Authors: Iain Crichton Smith
But, no, Mrs Floss told them instead about her trip round the world. She was happy sitting there in her red velvet dress which she had bought especially for the occasion. Mrs Cameron wore a blue blouse which made her face look old, haggard. She was shyer than the rest, unused to company.
“I crossed Canada by plane,” said Mrs Floss. “Niagara is really as big as they say it is.”
“By plane?” said John. “Why not by bus? I thought you could go by Greyhound.”

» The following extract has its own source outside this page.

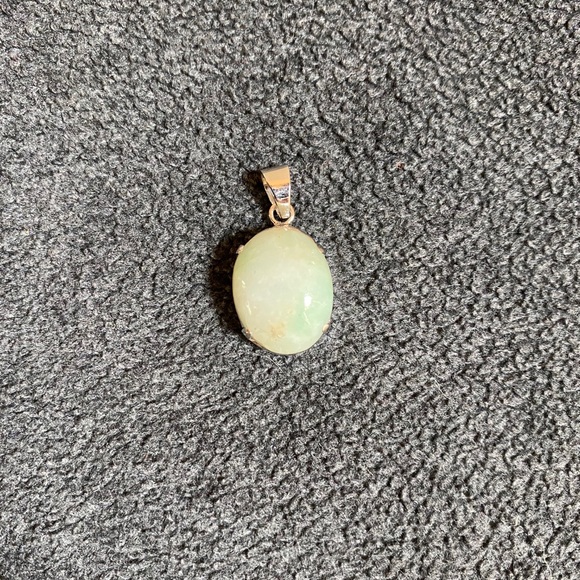 Grade A Burmese Jade Cabochon encapsulated in silver with white gold
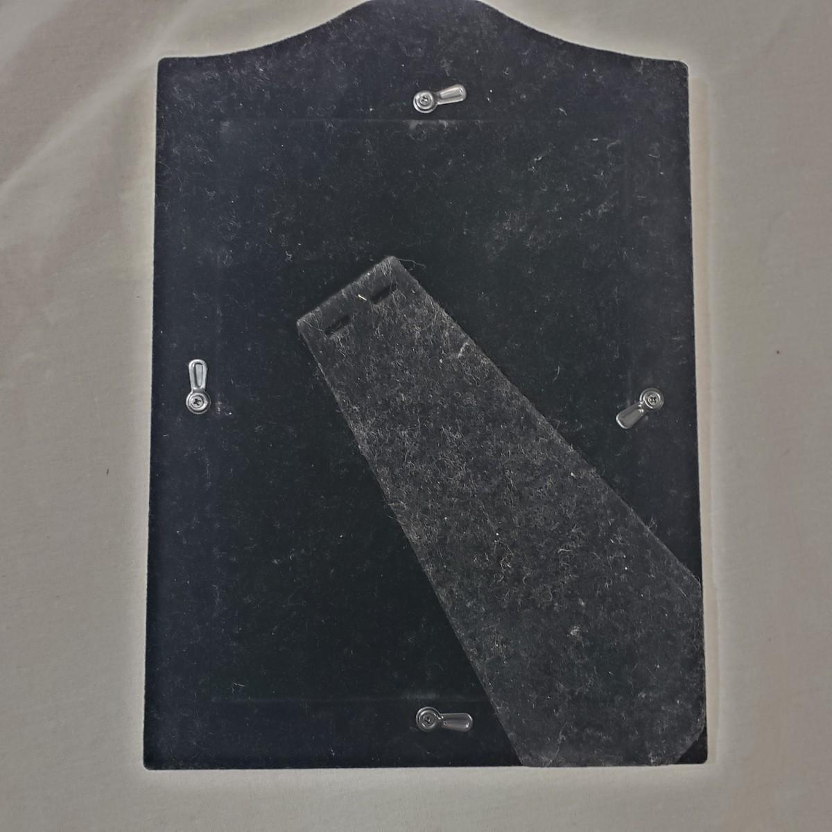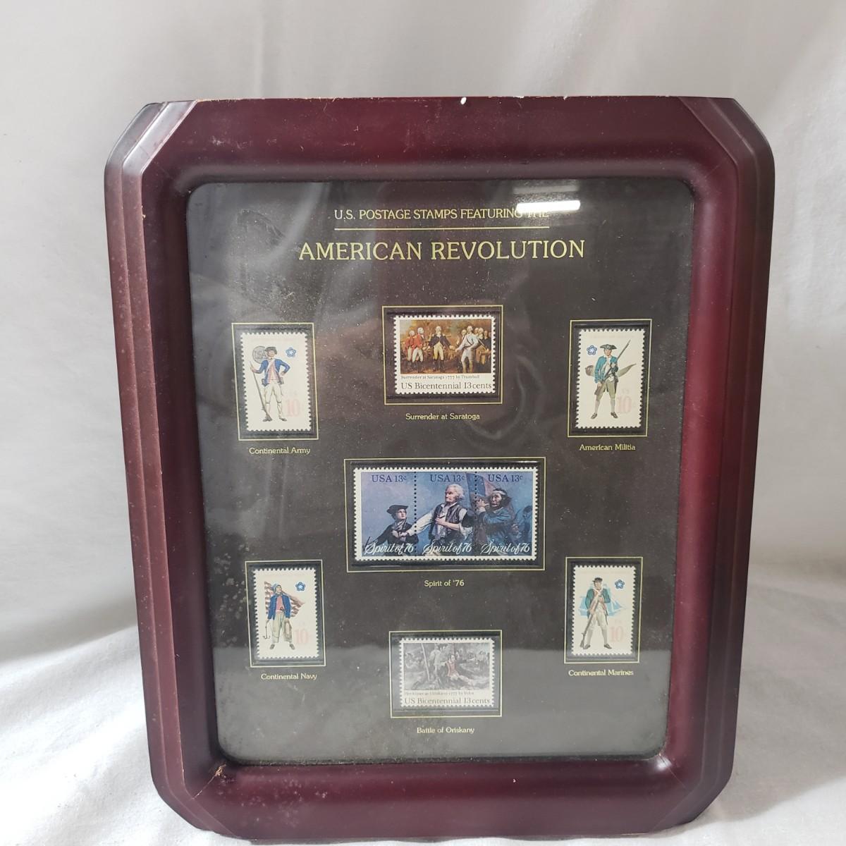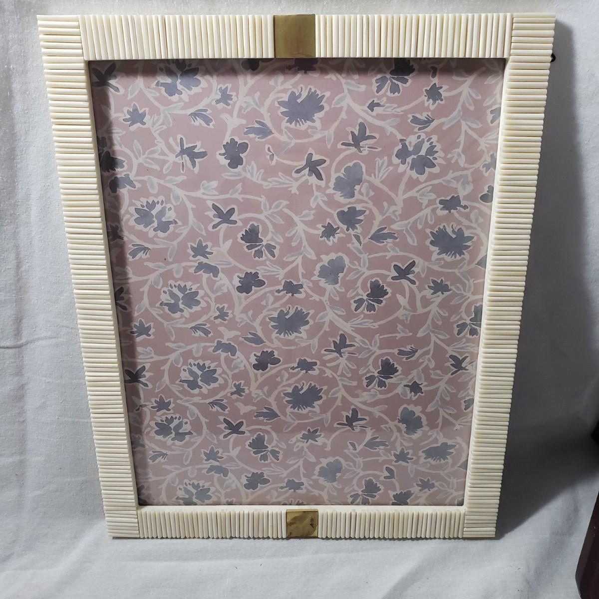 This lot features some beautiful picture frames! The largest 11" x 17" appears to be a faux ivory with brass accent pieces. The smallest frame, handmade in Italy measures 4" x 4". The small oval frame does not have glass. Thr framed stamp collection is an extra bonus! See pictures for details.

“You can, but I didn't,” said Mrs Floss. “But of all the places I visited the one I would have liked to stay in was New Zealand. Auckland is the most beautiful city I've seen.”
“How about it?” said John to Linda. “Hong Kong next year, eh? After we've paid the rates and the TV.”
Cooper was still thinking about Grant. “A funny boy,” he said. “Very fond of his mother. She would put him to his bed if he was tired. He was hardly ever out of his bed.”
The baby slept. According to Linda, it was very good, never gave them any trouble.
She felt that he was bright, would grow up to be intelligent. She was sorry for Mrs Cameron, for Mrs Floss, even for Cooper, though he always looked at her legs when she was bending down for the coal. John passed the drink round. Cooper drank a lot, his face reddening like flame. He told Mrs Floss he had a brother in America and was thinking of visiting him. “I haven't seen him for thirty years. Last time he was home he thought we still went round in carts. I have to send him Scottish calendars every year: I don't know what he does with them. Sells them to his friends maybe.”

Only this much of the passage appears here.